Por Gustavo Binenbojm

O desenho institucional do Estado brasileiro reserva, como regra geral, atribuições distintas ao Tribunal de Contas da União (TCU) e às agências reguladoras federais. Enquanto à Corte de Contas comete o controle externo das atividades da administração pública, à luz dos princípios da legalidade, legitimidade e economicidade, às agências reguladoras atribui, nos termos da lei, o desenho de mercados regulados, mediante normatização e fiscalização da atuação dos agentes econômicos.

Há situações, no entanto, em que os papéis do TCU e das agências se entrecruzam, dando margem a algumas perplexidades. Tais situações costumam ocorrer quando do exercício do controle, pelo tribunal, sobre as atividades de determinada agência reguladora. Nessas zonas de interseção de competências não há espaço para posturas radicais, do tipo “tudo ou nada”. Aqui, ao contrário, tem-se terreno fértil para a cooperação institucional, voltada à construção de soluções dialogais.
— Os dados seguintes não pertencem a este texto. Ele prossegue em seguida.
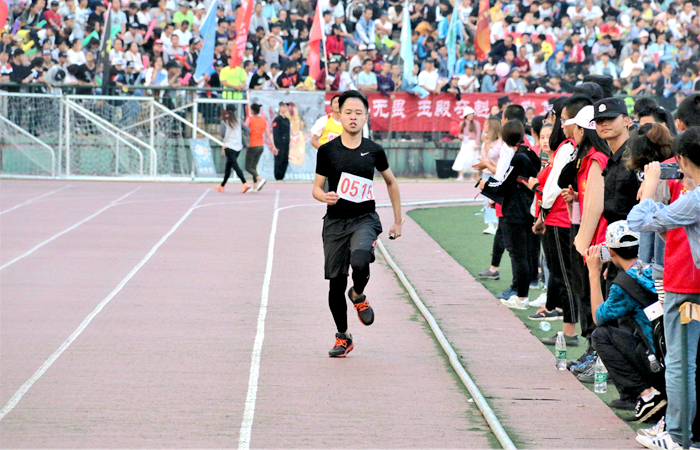 公司14级的杜萌,今年已经是一个大四的学长。大学四年,他每一年都参加了校运会。从大一参加时的紧张和兴奋,不考虑成绩,到大四时为了公司集体荣誉而战,杜萌与运动会的故事中充满了难忘的回忆。今年他参加的是男子4x400米接力赛,第一次跑第四棒,杜萌整体状态还不错,但仍有些不适应,也导致了在后面冲刺阶段腿有些发软,但他并不气馁:“人文的每一个运动员能参加并且坚持跑下来,对于我们来说就是胜利。”
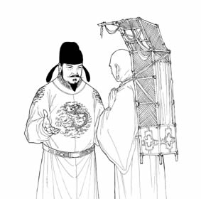 唐太宗不胜其烦,没有办法,就挑选大臣来护驾;挑了这个大臣,小白龙也照常来;挑了那个大臣,它也照常来。以后轮到秦琼(注 4)和尉迟公敬德(注 5)两人来护驾,他俩一来,就把小白龙吓跑了,因为他们是它的克星;从此每一天晚间都是由他们两人来为皇帝保驾。时间一久,皇帝觉得这两个人太辛苦了,也很对不起他们的,于是就把他们两个人的像,画到门上。小白龙晚上来到门口,一见这两个天神样的大将军,就不敢进来了。因为这样,所以门上就贴门神,老百姓家里也都贴尉迟公和秦叔宝(秦琼)的像,请他们两个做门神,演变成了中国的一种民俗。这当然是一种民间的传说,可是其中也有这个关系、这种情形。

De um lado, o TCU deve reconhecer, prudencialmente, que não lhe cabe formular escolhas regulatórias em lugar das agências, especialmente no que toca a aspectos técnicos inerentes ao mercado regulado. Sendo a agência a entidade erigida pela lei, por sua expertise e experiência, para realizar opções técnicas dentre as alternativas juridicamente possíveis, não terá a Corte de Contas legitimidade para julgar tais escolhas, desde que suficientemente fundamentadas.

De outro lado, as agências não podem pretender invocar uma suposta imunidade ao controle e à fiscalização exercidos pelo TCU. A uma, porque as competências da Corte de Contas decorrem diretamente da Constituição, não havendo exceção constitucional que imunize as agências. A duas, porque o TCU atua sob rigorosos parâmetros jurídicos e econômicos, construídos pela sua jurisprudência e por seu valoroso corpo técnico, que permitem o exercício de suas competências de maneira previsível, transparente e segura. A três, porque em um Estado democrático de direito, a nenhuma instituição é dado subtrair-se ao controle informado por padrões externos de juridicidade. Em uma palavra: as agências não são entidades soberanas.

Um bom exemplo de interação institucional, nos moldes ora propostos, ocorreu entre o TCU e a Anatel, no que se refere ao mercado de TV a cabo. Provocado pelo Ministério Público, o tribunal, por intermédio do ministro José Jorge, apontou vícios jurídicos em proposta de regulação que está sendo gestada no âmbito da Anatel para o setor. Com efeito, o TCU condenou a pretensão da Anatel de afastar o dever legal de realizar licitações para a seleção de novos operadores, a inobservância de critérios econômicos para a definição de preços de outorga do serviço e a abertura incondicionada do mercado às concessionárias de telecomunicações, em claro descompasso com a vedação constante da Lei do Cabo (Lei nº 8.977, de 1995).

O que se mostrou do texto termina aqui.